Ratios closer to 1 indicate closer alignment between GWP-based estimates and direct estimates of each SC-HFC, while ratios less than 1 indicate that GWP-based methods underestimate the social costs relative to the direct estimates and, inversely, ratios larger than 1 indicate that GWP-based methods overestimate the social costs relative to the direct estimates (Extended Data Fig. 4). The most-cited GWPs are given for 100-year time periods (GWP100), although alternative time scales (e.g., 20 years) are also sometimes used. For this exercise we use the GWP100 as published in the Fourth Assessment Report (AR4)⁴⁴ (Extended Data Table 1). While slightly updated GWPs have been published under both the Fifth (AR5)⁴² and Sixth (AR6)⁴⁶ Assessment Reports, we use AR4 values in this paper to maintain consistency with the USG’s approach to estimating the social costs of non-CO₂ gases and the use of AR4 GWP100 in the passing of the American Innovation and Manufacturing Act (2021)⁵². The results of the ratio exercise are qualitatively very similar when using values from AR5 and AR6.

The Kigali Amendment.

The Kigali Amendment to the Montreal Protocol represents the first internationally coordinated effort towards global reductions in HFC production and consumption; to date it has been ratified by 146 countries⁵³. The Kigali Amendment to the Montreal Protocol (KA) was signed on October 15, 2016, at the 28th Meeting of the Parties in Kigali, Rwanda, and extended the Montreal Protocol to address the phasedown of HFC consumption and production⁵⁴. The agreement went into force on 1 January 2019. It was not until October 2021 that the United States implemented a phasedown schedule for HFCs consistent with the Kigali Amendment. This was done under the American Innovation and Manufacturing Act and satisfies the Kigali Amendment without explicit ratification. The Kigali Amendment provides specific targets for the phasedown of HFCs by ratifying countries and is expected to avoid an increase in atmospheric temperature of about 0.2-0.4°C by the end of the century^10,55. This is an important component for meeting the Paris Agreement goal of limiting global warming to below 2°C, although some argue that the phasedown schedule proposed by the Kigali Amendment is not aggressive enough in its speed or scale for reducing HFC emissions^10,23.

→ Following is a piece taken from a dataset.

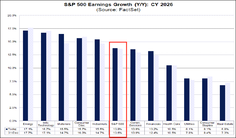 When we look to the same earnings perspective for 2026 (shown below) there are some additionally noteworthy trends.
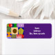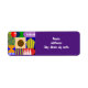 Ces étiquettes d'adresse de retour ont un design Bauhaus de formes et de lignes faisant un collage dans les couleurs primaires et secondaires.

The phasedown schedule of hydrofluorocarbons under the Kigali Amendment and its climate benefits.

The HFCs controlled under the Kigali Agreement include HFC-23, HFC-32, HFC-125, HFC-134a, HFC-143a, HFC-152a, HFC-227ea, HFC-236fa, HFC-245fa, HFC-365mfc, and HFC-4310mee. Annex F of the Kigali Amendment presents the GWP100 of each of these eleven HFCs (Table SI.1). While the Kigali Amendment represents progress towards the reduction of global greenhouse gas emissions, some criticize it for not doing more. Unlike the Montreal Protocol, which involves a complete phaseout of ODS, the Kigali Amendment is only a phase down of HFC production and consumption, reaching a maximum of an 85% reduction in baseline levels. Furthermore, the phasedown timelines for Kigali take place over several decades, whereas research by Purohit et al. (2020) suggests that a more accelerated schedule would be feasible²³. Given the time sensitivity of preventing climate change and achieving climate-related goals such as the Paris Agreement, reducing emissions on as fast of a timeline as possible is crucial.

The Kigali Amendment’s phasedown schedule of HFCs takes place over the course of several decades. The 146 ratifying parties are split into two categories: Article 5 and non-Article 5. The first category, Article 5, includes primarily developing countries and is alloted a slower phasedown schedule, reaching either an 80% reduction (Group 1) or an 85% reduction (Group 2) by 2045 relative to 2020-2022 averages. Non-Article 5 parties include primarily developed countries and are allotted a slightly stricter schedule, being required to achieve an 85% reduction by 2035, a full ten years earlier (Extended Data Fig. 5).

The maximum technologically feasible reduction of hydrofluorocarbons.

To estimate the additional climate benefits resulting from a more ambitious phasedown schedule, we use the maximum technologically feasible reduction (MTFR) schedule as calculated by Purohit et al. (2020)²³. They estimate the MTFR for the eleven Kigali Amendment HFCs and show that following this schedule would lead to a full phaseout of HFCs by 2035.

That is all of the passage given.